## Activity:
Copy each line, word for word, from the one with "Als wir auf" through the final line of the listing, but skip the pictures.

## Supplied information:
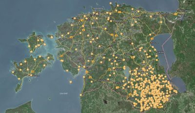 Ülekaehusõ man om pilt kaardist, kon omma nätä suidsusanna Eestin põraaigsidõ andmidõ perrä. Läte: X-GIS, Maa- ja Ruumiamet.
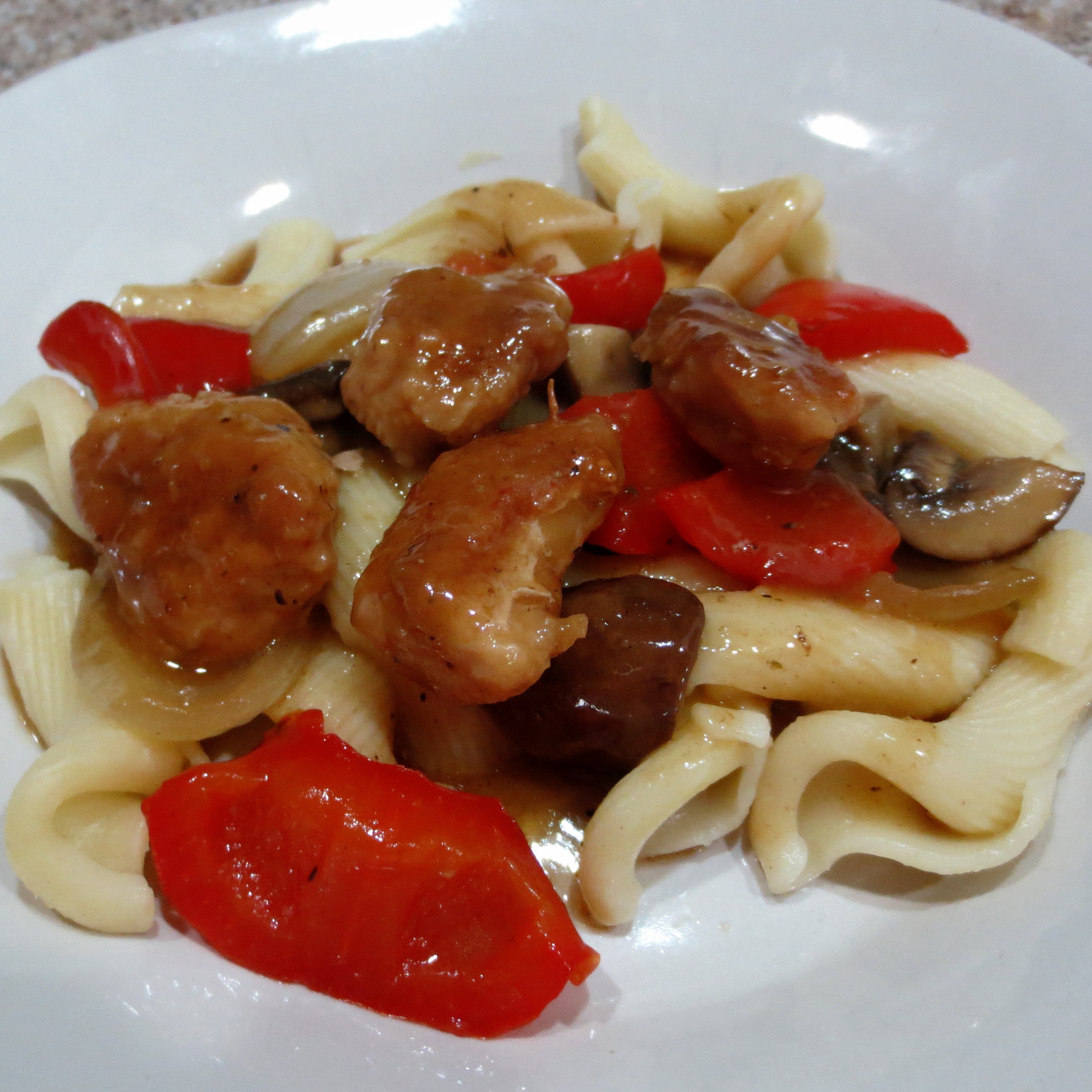By Wednesday, I was again happy to have The Sticky Menu Plan in place. Emily called to tell us that Kelton’s first baseball game of the year was Thursday night, So Wednesday and Thursday’s stickies were reversed. No Problem! Both days I had planned on Freezer Food, but the Mushroom and Pork Skillet Dinner takes a little longer to get to the table, so we had that over pasta on Wednesday, along with with a House Salad.
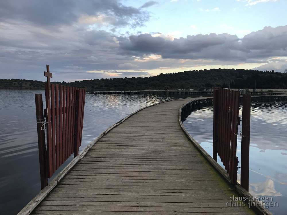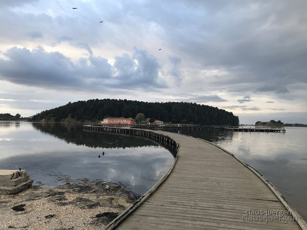 Als wir auf dem Rückweg von Berat in Vlora ankamen war es zwar spät nachmittags. Allerdings genügte uns die Zeit vor der Dämmerung noch um das Marienkloster Manastiri i Shen Merise Zvernec zu besuchen. Dabei handelt es sich um eine Klosteranlage auf einer Insel in der Lagune nördlich von Vlora. Diese Lagune ist mit dem Meer verbunden. Ein Teil des Gewässers wird für eine Saline auch heute noch genutzt. Im Norden dieser Lagune ist das Land eben weshalb dort seit Jahren ein neuer internationaler Flughafen im Bau ist. Wenn alles klappt kann der im Jahr 2026 eröffnet werden.
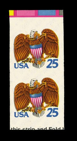 705 nh 2431b image#2431b, 25c Eagle and shield, vertical pair, no die cutting between, top margin pair from the booklet pane, with full backing, extremely fine; a very scarce booklet pane error; photocopy of a 1990 PF certificate for the booklet pane from which this came. (Image) 850.00

## Answer:
 Als wir auf dem Rückweg von Berat in Vlora ankamen war es zwar spät nachmittags. Allerdings genügte uns die Zeit vor der Dämmerung noch um das Marienkloster Manastiri i Shen Merise Zvernec zu besuchen. Dabei handelt es sich um eine Klosteranlage auf einer Insel in der Lagune nördlich von Vlora. Diese Lagune ist mit dem Meer verbunden. Ein Teil des Gewässers wird für eine Saline auch heute noch genutzt. Im Norden dieser Lagune ist das Land eben weshalb dort seit Jahren ein neuer internationaler Flughafen im Bau ist. Wenn alles klappt kann der im Jahr 2026 eröffnet werden.
 705 nh 2431b image#2431b, 25c Eagle and shield, vertical pair, no die cutting between, top margin pair from the booklet pane, with full backing, extremely fine; a very scarce booklet pane error; photocopy of a 1990 PF certificate for the booklet pane from which this came. (Image) 850.00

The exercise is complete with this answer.